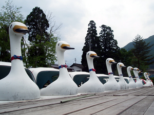 | 昔「アニメ」に「お願いティーチャー(おねティ)」というのがあって、ここがその舞台になったとか。で、今でもファンが巡礼(?)にやってきて、まるで聖地のごとくなのだそうです。「食べ物に生卵を落とす」というのがアニメに出てくる有名な場面だそうで、カレーやウドンにはもちろん、カキ氷にも生卵を落とすのが、木崎湖周辺の食堂の定番なのだとか・・・。 | |||||||
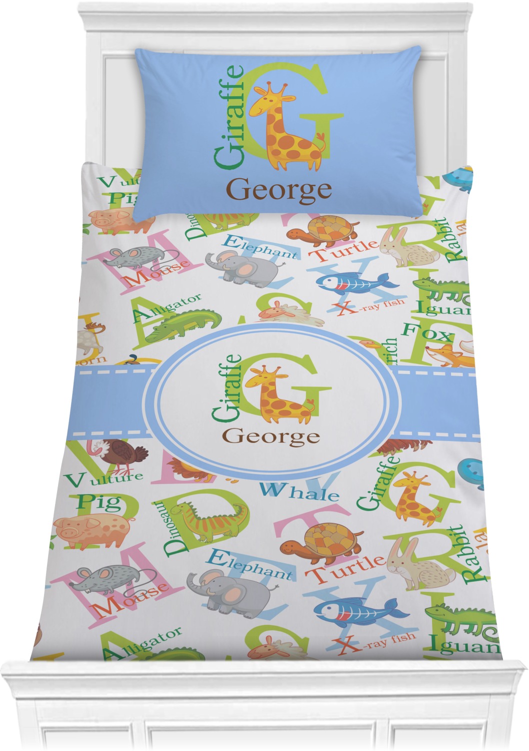 This animal alphabet design is perfect for babies and toddlers. The background consists of animals associated with all 26 letters of the alphabet. A for Alligator, B for Bear, C for Cat - all the way to W for Whale, X for X Ray Fish and Z for Zebra. We chose a white background for our design - however the background is re-colorable and also looks great with any pastel color.
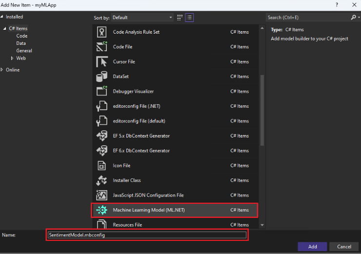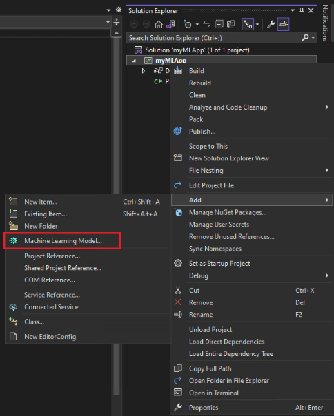 myMLAppproject in Solution Explorer and select Add > Machine Learning Model.

=======

> Task description
Make an exact printout of the listing above, omitting the images.

> Task solution
 | 昔「アニメ」に「お願いティーチャー(おねティ)」というのがあって、ここがその舞台になったとか。で、今でもファンが巡礼(?)にやってきて、まるで聖地のごとくなのだそうです。「食べ物に生卵を落とす」というのがアニメに出てくる有名な場面だそうで、カレーやウドンにはもちろん、カキ氷にも生卵を落とすのが、木崎湖周辺の食堂の定番なのだとか・・・。 | |||||||
 This animal alphabet design is perfect for babies and toddlers. The background consists of animals associated with all 26 letters of the alphabet. A for Alligator, B for Bear, C for Cat - all the way to W for Whale, X for X Ray Fish and Z for Zebra. We chose a white background for our design - however the background is re-colorable and also looks great with any pastel color.
 myMLAppproject in Solution Explorer and select Add > Machine Learning Model.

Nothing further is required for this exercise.